Wednesday, December 13, 2017

Kim v. People

Facts:
Petitioner Yong Chan Kim was employed as a Researcher at the Aquaculture Department of the Southeast Asian Fisheries Development Center (SEAFDEC) with head station at Tigbauan, Iloilo. He conducted prawn surveys which required him to travel to various selected provinces in the country where there are potentials for prawn culture. Petitioner was issued Travel Order No. 2222 which covered his travels to different places in Luzon from 16 June to 21 July 1982, a period of 35 days. Under this travel order, he received P6,438.00 as cash advance to defray his travel expenses.

Petitioner was issued another travel order, T.O. 2268, requiring him to travel from the Head Station to Roxas City from 30 June to 4 July 1982, a period of 5 days/ He received a cash advance of P495.00.

Petitioner presented both travel orders for liquidation, submitting Travel Expense Reports to the Accounting Section. When the Travel Expense Reports were audited, it was discovered that there was an overlap of 4 days in the 2 travel orders for which petitioner collected per diems twice. In sum, the total amount in the form of per diems and allowances charged and collected by petitioner under Travel Order No. 2222, when he did not actually and physically travel as represented by his liquidation papers, was P1,230.00.

Petitioner denied the alleged anomaly, claiming that he made make-up trips to compensate for the trips he failed to undertake under T.O. 2222 because he was recalled to the head office and given another assignment.

2 complaints of Estafa were filed against him.
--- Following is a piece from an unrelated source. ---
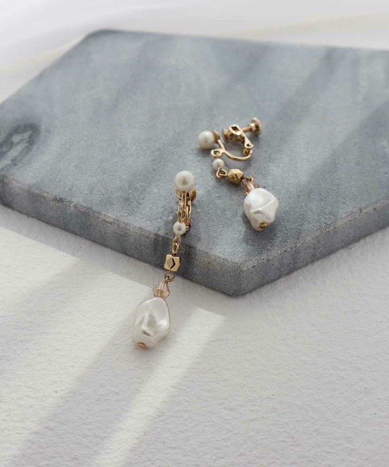 商品説明 【結婚式・謝恩会・お呼ばれ対応アクセサリー】 上品かつ優雅な印象を与えてくれるバロックパールのイヤリング。 品のあるシンプルなバロックパールが顔周りに華やかさを際立たせてくれます。 どんなドレスにも合わせやすいデザインで、1点持っていると活躍すること間違いなし。 また、〈9453〉のネックレスと合わせて頂くのもおすすめです。 ※商品画像は、照明や光の当たり具合やパソコンなどの閲覧環境により、実際の色味と異なって見える場合がございます。予めご了承ください。 ※商品の色味の目安は、商品単体の画像をご参照ください。 おすすめのシーン 結婚式・2次会(二次会)・1.5次会・披露宴・お呼ばれ・成人式・同窓会・謝恩会・パーティー 女子会・デート・演奏会・発表会・食事会・学校行事などのセレモニーシーンなど、フォーマルからカジュアルシーンまで、多様なシーンのコーディネートにご使用いただけます。 商品詳細 素材:真鍮,ガラス,プラスチック 原産国:日本 お問い合わせ品番:9458

In the first case, he was found guilty beyond reasonable doubt while the latter was dismissed for failure to prosecute.

Petitioner appealed but the RTC affirmed the decision of MTC.

Petitioner filed a notice of appeal with the Regional Trial Court which ordered the elevation of the records of the case to the IAC.

Petitioner filed with the appellate court a petition for review. CA dismissed the petition for having been filed out of time. MR was denied for lack of merit.

Alonzo v. Villamor, et al.: The Court can overlook the wrong pleading filed, if strict compliance with the rules would mean sacrificing justice to technicality. The imminence of a person being deprived unjustly of his liberty due to procedural lapse of counsel is a strong and compelling reason to warrant suspension of the Rules. Hence, we shall consider the petition for review filed in the Court of Appeals as a Supplement to the Notice of Appeal. As the Court declared in a recent decision, '. . . there is nothing sacred about the procedure of pleadings. This Court may go beyond the pleadings when the interest of justice so warrants. It has the prerogative to suspend its rules for the same purpose. . . Technicality, when it deserts its proper office as an aid to justice and becomes its great hindrance and chief enemy, deserves scant consideration from courts.

Conscience cannot rest in allowing a man to go straight to jail, closing the door to his every entreaty for a full opportunity to be heard, even as he has made a prima facie showing of a meritorious cause, simply because he had chosen an appeal route, to be sure, recognized by law but made inapplicable to his case, under altered rules of procedure. While the Court of Appeals can not be faulted and, in fact, it has to be lauded for correctly applying the rules of procedure in appeals to the Court of Appeals from decisions of the RTC rendered in the exercise of its appellate jurisdiction, yet, this Court, as the ultimate bulwark of human rights and individual liberty, will not allow substantial justice to be sacrificed at the altar of procedural rigor.

Issue: 
Whether or not the decision of MTC and RTC are supported by the facts and evidence or contrary to law and that the courts a quo have acted with grave abuse of discretion amounting to lack of jurisdiction or have acted without or in excess of jurisdiction.

Held:
Yes.

In order that a person can be convicted under Estafa, it must be proven that he had the obligation to deliver or return the same money, good or personal property that he had received. The petitioner had no obligation to return the same money which he had received.

Liquidation simply means the settling of an indebtedness. An employee, such as herein petitioner, who liquidates a cash advance is in fact paying back his debt in the form of a loan of money advanced to him by his employer, as per diems and allowances. Similarly, as stated in the assailed decision of the lower court, "if the amount of the cash advance he received is less than the amount he spent for actual travel . . . he has the right to demand reimbursement from his employer the amount he spent coming from his personal funds. In other words, the money advanced by either party is actually a loan to the other. Hence, petitioner was under no legal obligation to return the same cash or money, i.e., the bills or coins, which he received from the private respondent.

Since ownership of the money (cash advance) was transferred to petitioner, no fiduciary relationship was created. Absent this fiduciary relationship between petitioner and private respondent, which is an essential element of the crime of estafa by misappropriation or conversion, petitioner could not have committed estafa.


Additionally, it has been the policy of private respondent that all cash advances not liquidated are to be deducted correspondingly from the salary of the employee concerned. The evidence shows that the corresponding salary deduction was made in the case of petitioner vis-a-vis the cash advance in question.